▸ **Supplied material**:
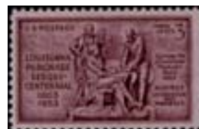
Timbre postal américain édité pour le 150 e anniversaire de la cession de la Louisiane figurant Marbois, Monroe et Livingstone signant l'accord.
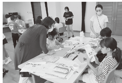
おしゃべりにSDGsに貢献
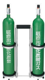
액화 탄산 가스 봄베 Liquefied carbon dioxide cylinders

* * *

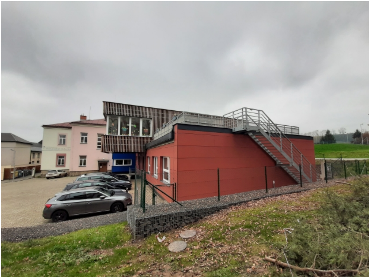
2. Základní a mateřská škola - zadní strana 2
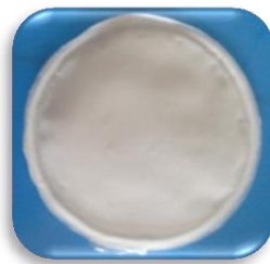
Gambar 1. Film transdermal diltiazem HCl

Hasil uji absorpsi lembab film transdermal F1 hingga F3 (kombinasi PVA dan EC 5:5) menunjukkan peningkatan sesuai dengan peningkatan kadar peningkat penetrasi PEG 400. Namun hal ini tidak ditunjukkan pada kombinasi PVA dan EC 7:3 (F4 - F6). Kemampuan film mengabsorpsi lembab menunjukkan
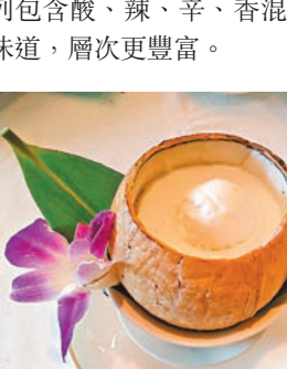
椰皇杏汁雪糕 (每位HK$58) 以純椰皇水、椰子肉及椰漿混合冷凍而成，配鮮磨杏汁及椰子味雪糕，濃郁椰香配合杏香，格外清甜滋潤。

▸ **What needs to be done**: Transcribe the listing above exactly, but only from the line with "Timbre postal américain" through the line with "액화 탄산 가스 봄베". Include both of those lines and omit the pictures.

▸ **Solution to the problem**:
Timbre postal américain édité pour le 150 e anniversaire de la cession de la Louisiane figurant Marbois, Monroe et Livingstone signant l'accord.
おしゃべりにSDGsに貢献
액화 탄산 가스 봄베 Liquefied carbon dioxide cylinders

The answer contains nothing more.